_PROBLEM STATEMENT_
Restate all the entries exactly as they appear, apart from the pictures.

Source records:

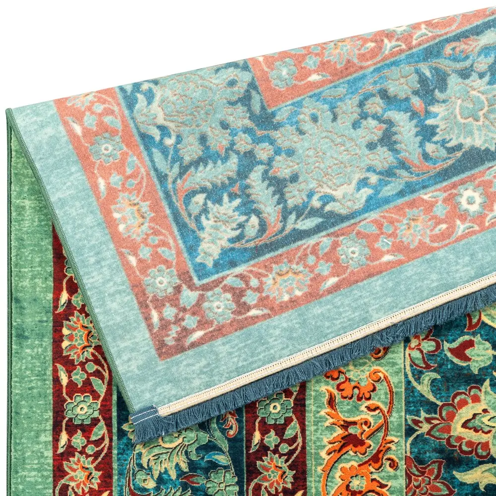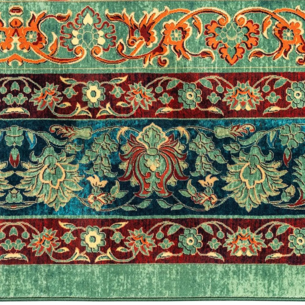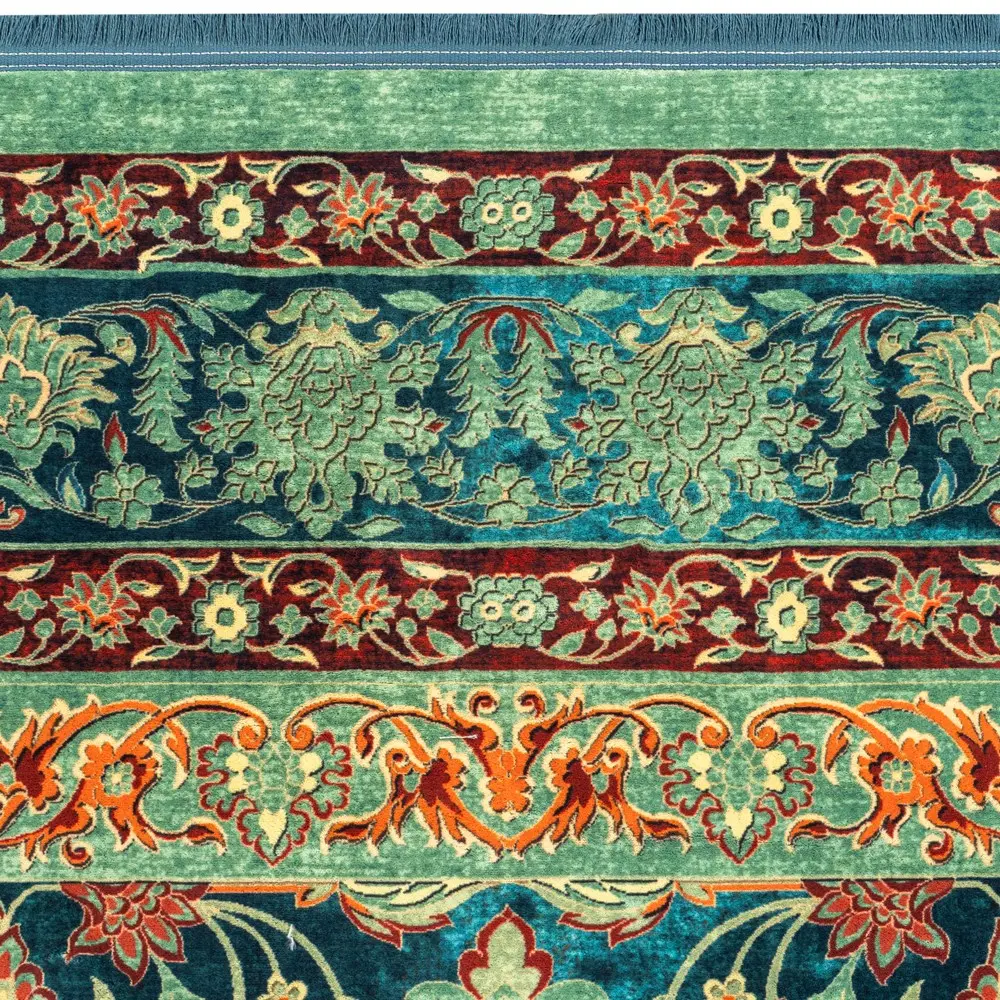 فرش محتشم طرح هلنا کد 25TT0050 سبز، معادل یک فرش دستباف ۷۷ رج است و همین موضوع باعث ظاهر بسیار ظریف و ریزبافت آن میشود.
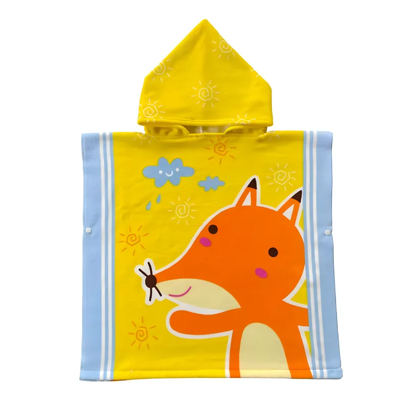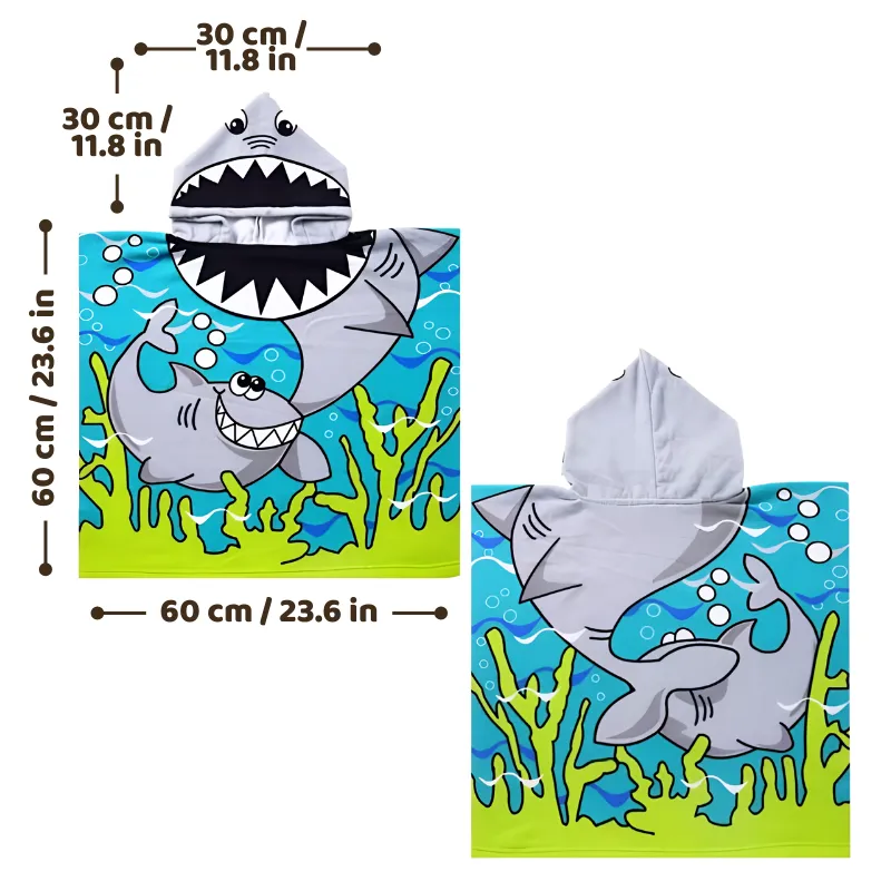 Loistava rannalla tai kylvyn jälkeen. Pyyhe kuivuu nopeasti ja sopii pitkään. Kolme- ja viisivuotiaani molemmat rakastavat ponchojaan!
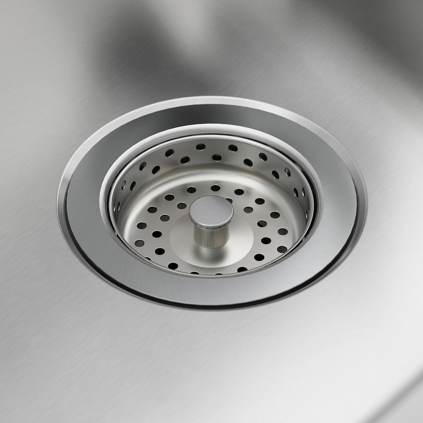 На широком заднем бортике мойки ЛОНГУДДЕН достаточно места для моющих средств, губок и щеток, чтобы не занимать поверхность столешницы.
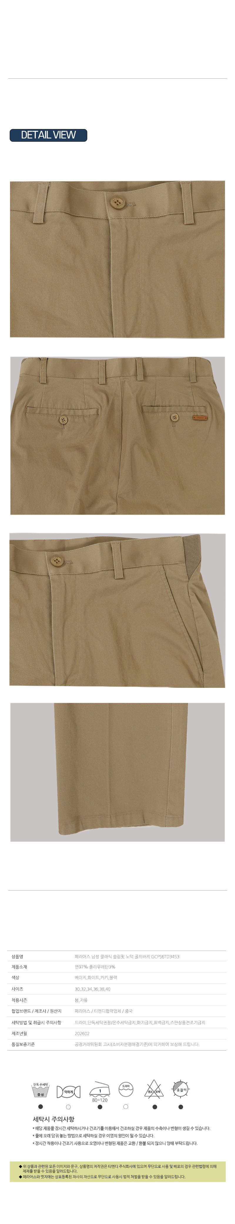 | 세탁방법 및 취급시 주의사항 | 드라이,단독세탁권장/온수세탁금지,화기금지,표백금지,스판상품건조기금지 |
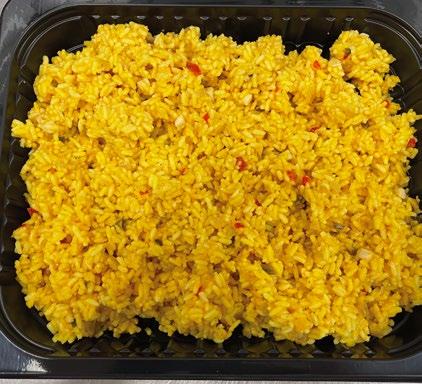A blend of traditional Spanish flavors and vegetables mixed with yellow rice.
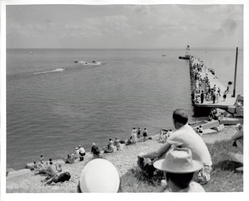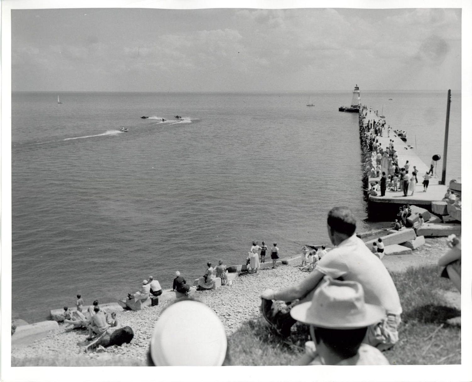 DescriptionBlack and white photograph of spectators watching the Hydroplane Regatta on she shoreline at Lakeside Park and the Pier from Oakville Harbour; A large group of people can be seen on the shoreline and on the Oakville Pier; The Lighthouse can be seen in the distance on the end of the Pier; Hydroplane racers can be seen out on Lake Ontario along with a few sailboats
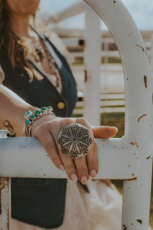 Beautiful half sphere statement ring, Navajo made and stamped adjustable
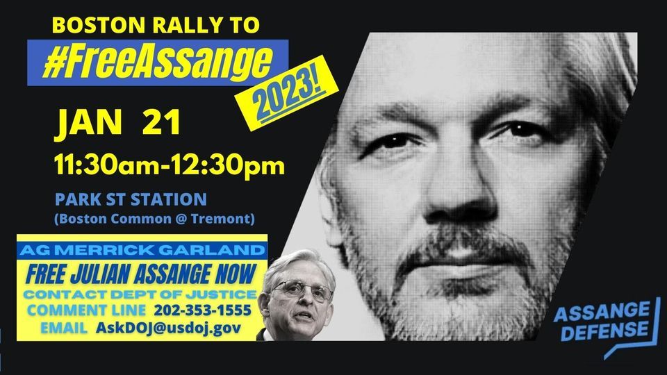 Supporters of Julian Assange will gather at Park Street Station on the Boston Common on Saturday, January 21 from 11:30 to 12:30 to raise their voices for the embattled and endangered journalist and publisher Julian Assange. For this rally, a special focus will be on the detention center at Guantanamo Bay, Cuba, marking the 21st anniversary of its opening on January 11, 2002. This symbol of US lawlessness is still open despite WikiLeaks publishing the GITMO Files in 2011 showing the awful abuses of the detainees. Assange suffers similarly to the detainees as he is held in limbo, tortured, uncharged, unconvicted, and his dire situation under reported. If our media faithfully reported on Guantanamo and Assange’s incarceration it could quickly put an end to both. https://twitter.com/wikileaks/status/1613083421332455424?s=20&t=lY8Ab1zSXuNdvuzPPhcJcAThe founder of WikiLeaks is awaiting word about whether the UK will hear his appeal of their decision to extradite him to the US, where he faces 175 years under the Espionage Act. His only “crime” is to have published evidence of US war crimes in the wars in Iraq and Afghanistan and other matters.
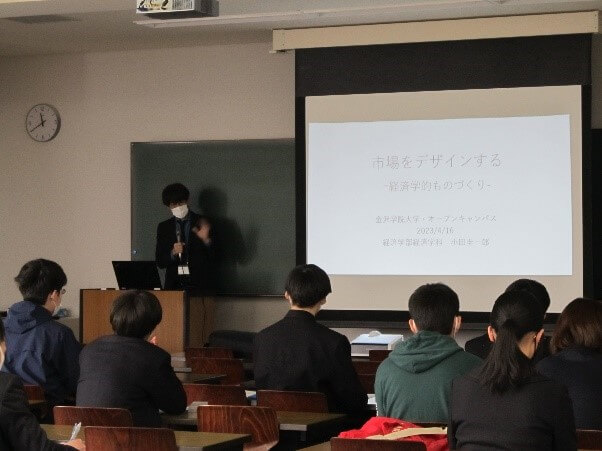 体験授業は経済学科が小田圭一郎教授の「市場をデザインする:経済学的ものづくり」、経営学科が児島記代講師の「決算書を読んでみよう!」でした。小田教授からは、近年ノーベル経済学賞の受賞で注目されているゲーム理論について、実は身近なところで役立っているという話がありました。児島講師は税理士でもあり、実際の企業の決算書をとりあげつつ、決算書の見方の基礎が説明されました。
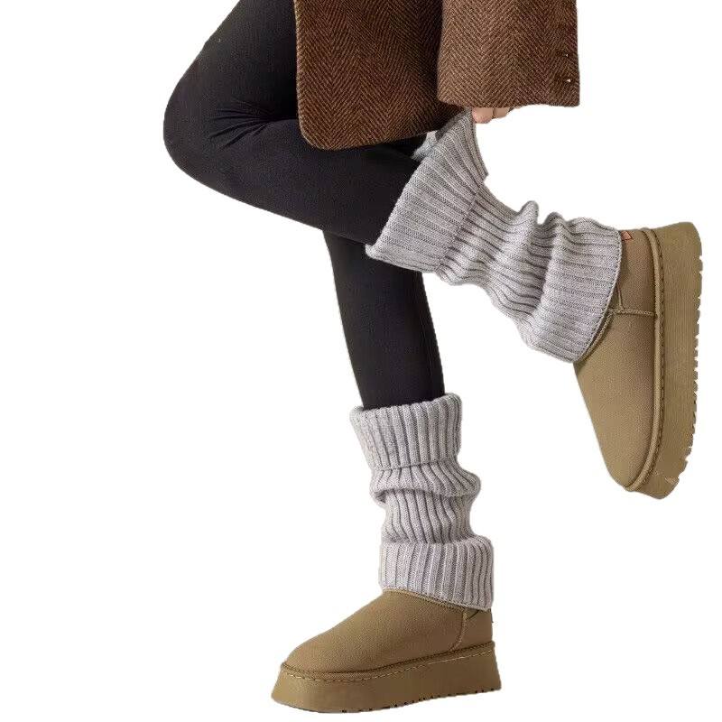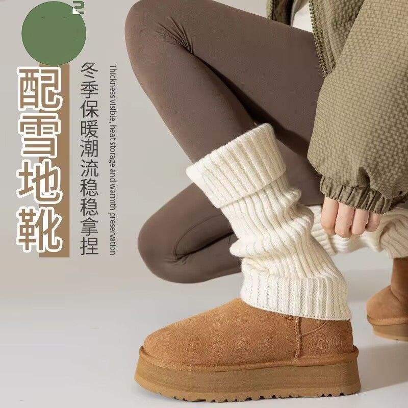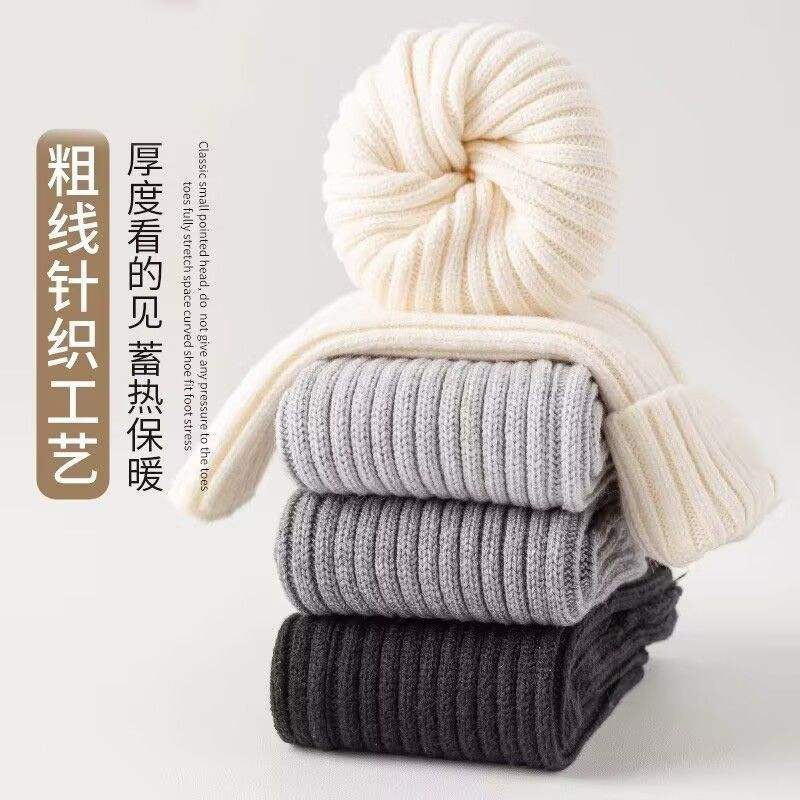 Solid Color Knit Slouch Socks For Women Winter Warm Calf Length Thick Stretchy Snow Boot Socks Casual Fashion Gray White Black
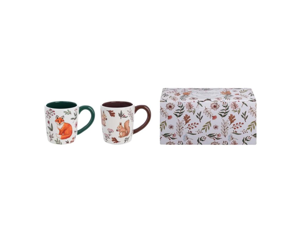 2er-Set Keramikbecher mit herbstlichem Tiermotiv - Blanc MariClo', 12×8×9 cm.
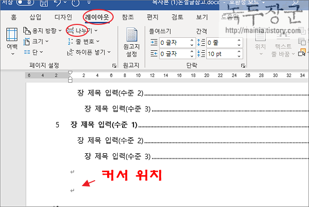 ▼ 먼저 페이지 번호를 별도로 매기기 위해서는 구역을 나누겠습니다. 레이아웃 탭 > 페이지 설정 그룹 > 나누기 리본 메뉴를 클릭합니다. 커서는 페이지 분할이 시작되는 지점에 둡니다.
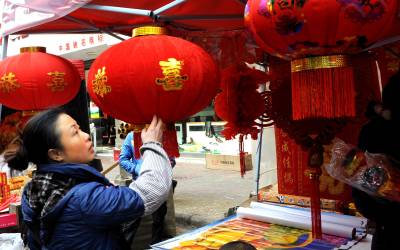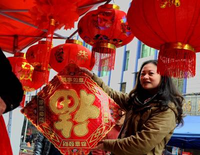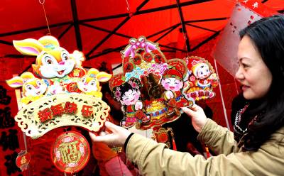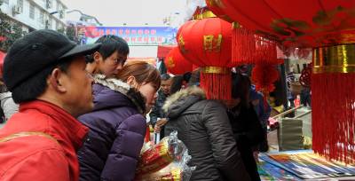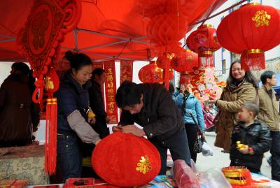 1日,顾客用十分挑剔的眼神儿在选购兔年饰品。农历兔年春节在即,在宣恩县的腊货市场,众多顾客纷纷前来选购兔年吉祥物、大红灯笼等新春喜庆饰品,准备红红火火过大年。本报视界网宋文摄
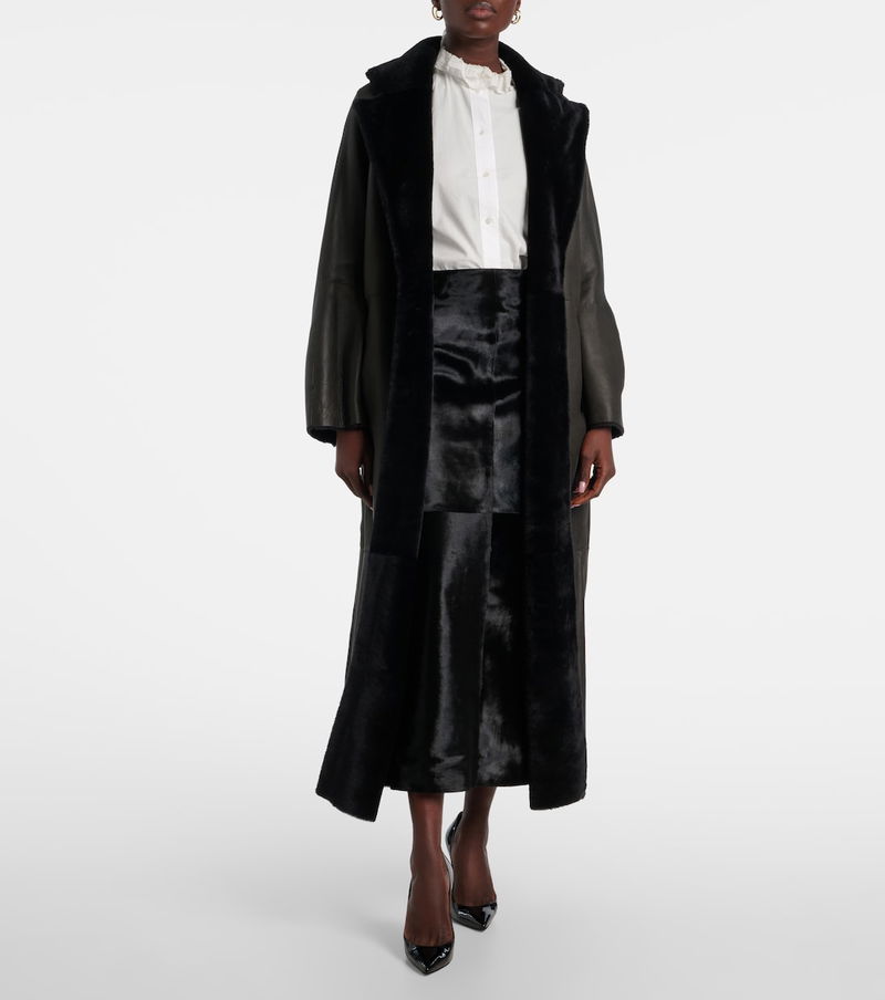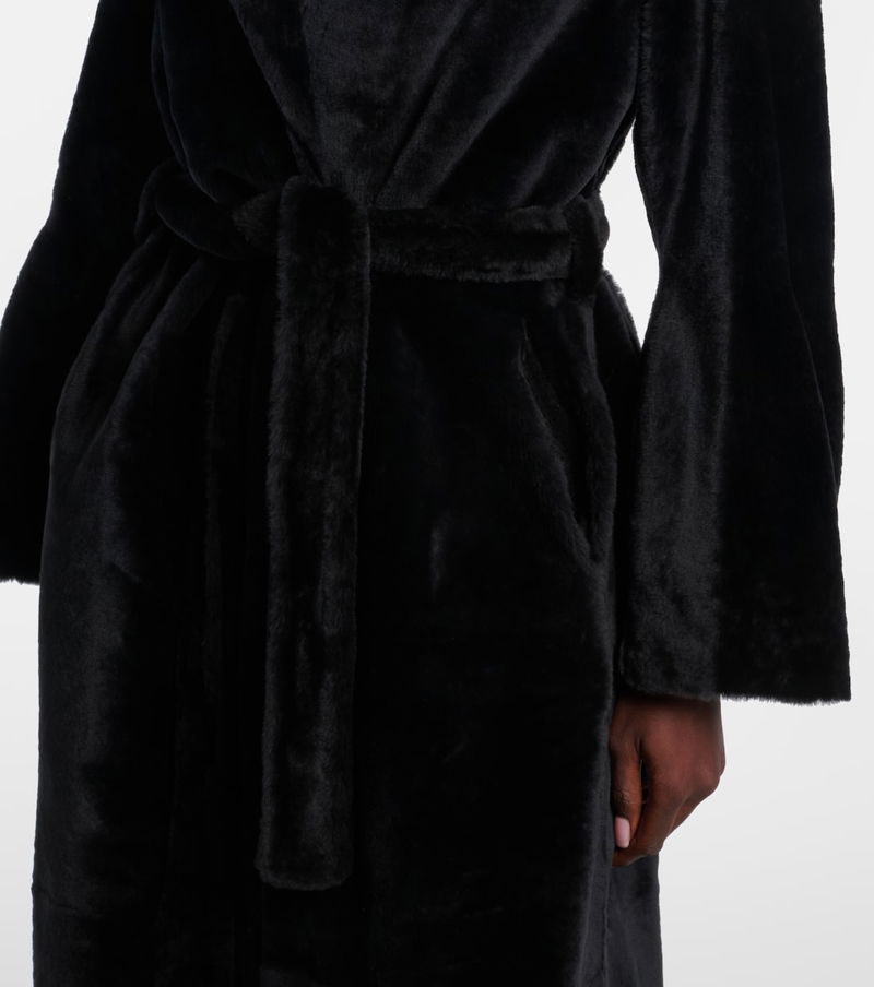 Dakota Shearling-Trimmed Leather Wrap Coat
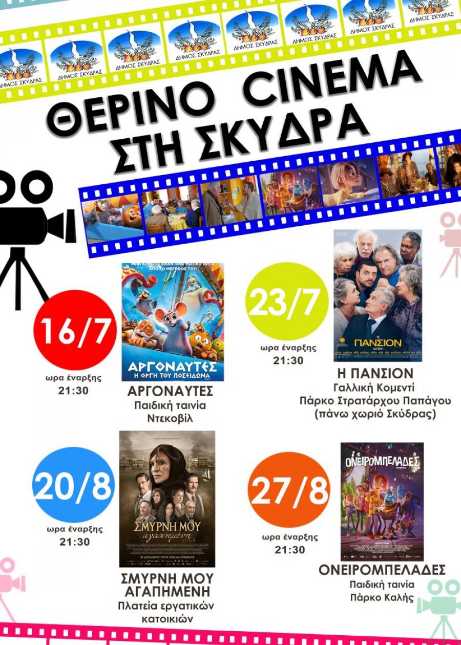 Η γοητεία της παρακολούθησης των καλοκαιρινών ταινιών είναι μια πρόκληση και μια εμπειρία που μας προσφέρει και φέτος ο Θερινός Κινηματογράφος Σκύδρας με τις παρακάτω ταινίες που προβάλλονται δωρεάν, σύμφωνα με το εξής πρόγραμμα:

_EXERCISE RESPONSE_
 فرش محتشم طرح هلنا کد 25TT0050 سبز، معادل یک فرش دستباف ۷۷ رج است و همین موضوع باعث ظاهر بسیار ظریف و ریزبافت آن میشود.
 Loistava rannalla tai kylvyn jälkeen. Pyyhe kuivuu nopeasti ja sopii pitkään. Kolme- ja viisivuotiaani molemmat rakastavat ponchojaan!
 На широком заднем бортике мойки ЛОНГУДДЕН достаточно места для моющих средств, губок и щеток, чтобы не занимать поверхность столешницы.
 | 세탁방법 및 취급시 주의사항 | 드라이,단독세탁권장/온수세탁금지,화기금지,표백금지,스판상품건조기금지 |
A blend of traditional Spanish flavors and vegetables mixed with yellow rice.
 DescriptionBlack and white photograph of spectators watching the Hydroplane Regatta on she shoreline at Lakeside Park and the Pier from Oakville Harbour; A large group of people can be seen on the shoreline and on the Oakville Pier; The Lighthouse can be seen in the distance on the end of the Pier; Hydroplane racers can be seen out on Lake Ontario along with a few sailboats
 Beautiful half sphere statement ring, Navajo made and stamped adjustable
 Supporters of Julian Assange will gather at Park Street Station on the Boston Common on Saturday, January 21 from 11:30 to 12:30 to raise their voices for the embattled and endangered journalist and publisher Julian Assange. For this rally, a special focus will be on the detention center at Guantanamo Bay, Cuba, marking the 21st anniversary of its opening on January 11, 2002. This symbol of US lawlessness is still open despite WikiLeaks publishing the GITMO Files in 2011 showing the awful abuses of the detainees. Assange suffers similarly to the detainees as he is held in limbo, tortured, uncharged, unconvicted, and his dire situation under reported. If our media faithfully reported on Guantanamo and Assange’s incarceration it could quickly put an end to both. https://twitter.com/wikileaks/status/1613083421332455424?s=20&t=lY8Ab1zSXuNdvuzPPhcJcAThe founder of WikiLeaks is awaiting word about whether the UK will hear his appeal of their decision to extradite him to the US, where he faces 175 years under the Espionage Act. His only “crime” is to have published evidence of US war crimes in the wars in Iraq and Afghanistan and other matters.
 体験授業は経済学科が小田圭一郎教授の「市場をデザインする:経済学的ものづくり」、経営学科が児島記代講師の「決算書を読んでみよう!」でした。小田教授からは、近年ノーベル経済学賞の受賞で注目されているゲーム理論について、実は身近なところで役立っているという話がありました。児島講師は税理士でもあり、実際の企業の決算書をとりあげつつ、決算書の見方の基礎が説明されました。
 Solid Color Knit Slouch Socks For Women Winter Warm Calf Length Thick Stretchy Snow Boot Socks Casual Fashion Gray White Black
 2er-Set Keramikbecher mit herbstlichem Tiermotiv - Blanc MariClo', 12×8×9 cm.
 ▼ 먼저 페이지 번호를 별도로 매기기 위해서는 구역을 나누겠습니다. 레이아웃 탭 > 페이지 설정 그룹 > 나누기 리본 메뉴를 클릭합니다. 커서는 페이지 분할이 시작되는 지점에 둡니다.
 1日,顾客用十分挑剔的眼神儿在选购兔年饰品。农历兔年春节在即,在宣恩县的腊货市场,众多顾客纷纷前来选购兔年吉祥物、大红灯笼等新春喜庆饰品,准备红红火火过大年。本报视界网宋文摄
 Dakota Shearling-Trimmed Leather Wrap Coat
 Η γοητεία της παρακολούθησης των καλοκαιρινών ταινιών είναι μια πρόκληση και μια εμπειρία που μας προσφέρει και φέτος ο Θερινός Κινηματογράφος Σκύδρας με τις παρακάτω ταινίες που προβάλλονται δωρεάν, σύμφωνα με το εξής πρόγραμμα:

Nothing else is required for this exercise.